1

I built a model for a binary target using oversampled data. The population target prevalence is 0.25. I oversampled to 0.5 by keeping the entirety of the minority class and sampling a portion of the majority class. I then built a precision recall table using sklearn's:

#y is the binary target
#PR_CV are out of bag predictions
precision, recall, tr = precision_recall_curve(y, PR_CV)

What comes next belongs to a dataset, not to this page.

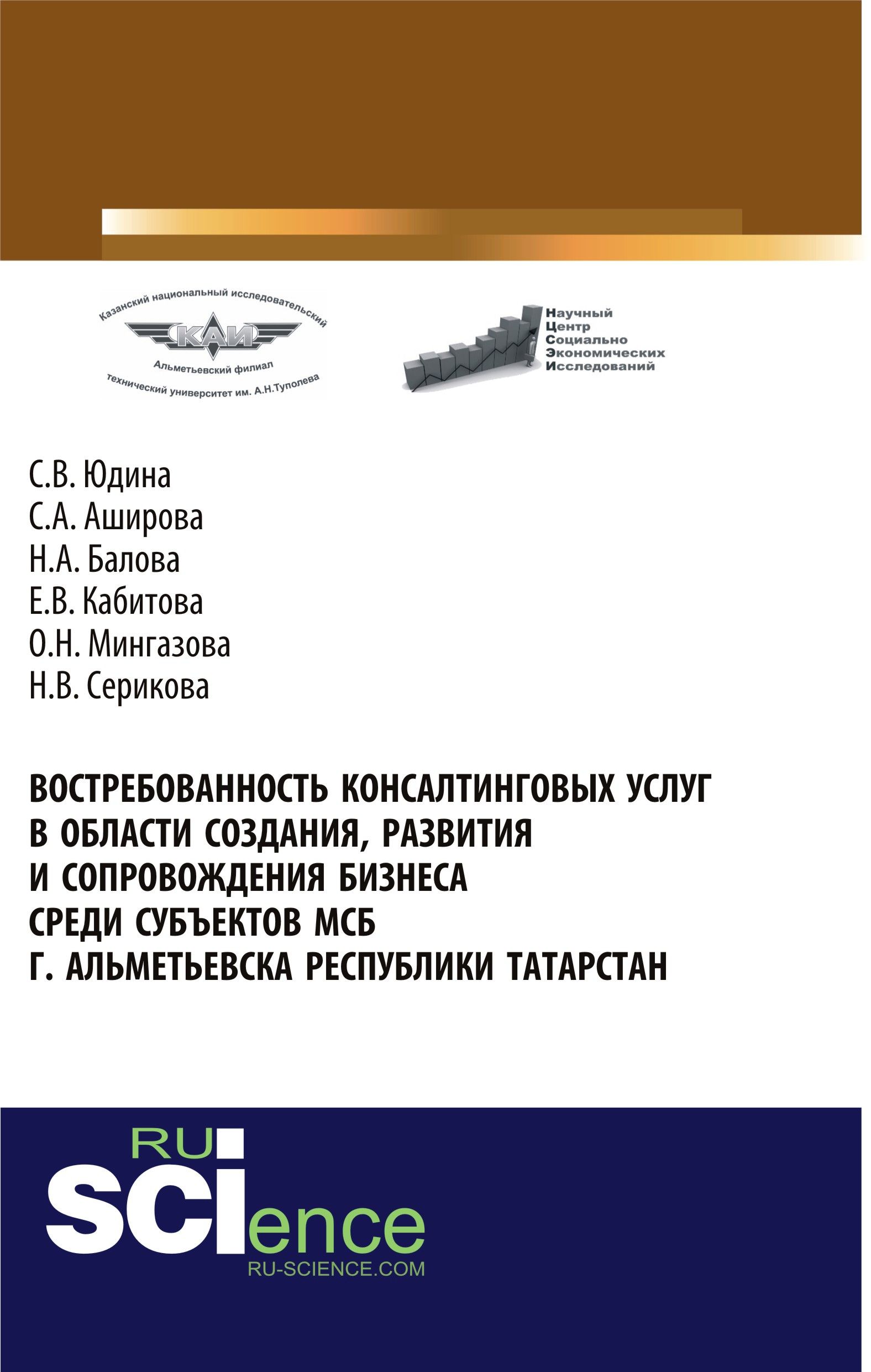 Востребованность консалтинговых услуг в области создания, развития и сопровождения бизнеса среди субъектов МСБ г. Альметьевска Республики Татарстан : монография / С. В. Юдина, С. А. Аширова, Н. А. Балова [и др.].

I'd now want to know what precision and recall look like on the original population. I tried implementing the following, based on this article:

#odds = p/(1-p)
odds = y.mean()/(1-y.mean())
print 'oversampled odds:',odds

original_fraction = 0.25
original_odds = original_fraction/ (1 – original_fraction)
print "original odds:",original_odds

#Scoring_odds = scoring_results / (1 – scoring_results)
scoring_results = PR_CV
print "probability to revert:", scoring_results
scoring_odds = scoring_results/(1-scoring_results)
print"scoring odds:", scoring_odds

#adjusted_odds = Scoring_odds * original_odds / oversampled_odds 
adjusted_odds = scoring_odds * original_odds / odds
print "adjusted odds:", adjusted_odds

#adjusted_probability = 1 / (1 + 1/adjusted_odds))
adjusted_probability = 1 / (1 + 1/adjusted_odds)
print "adjusted probability:", adjusted_probability

I then calculated:

precision_adj, recall_adj, tr_adj = precision_recall_curve(y, PR_CV_adj)

What this returns is the exact same values as precision_recall_curve(y, PR_CV)

That fails my intuition...What is the right way to do this?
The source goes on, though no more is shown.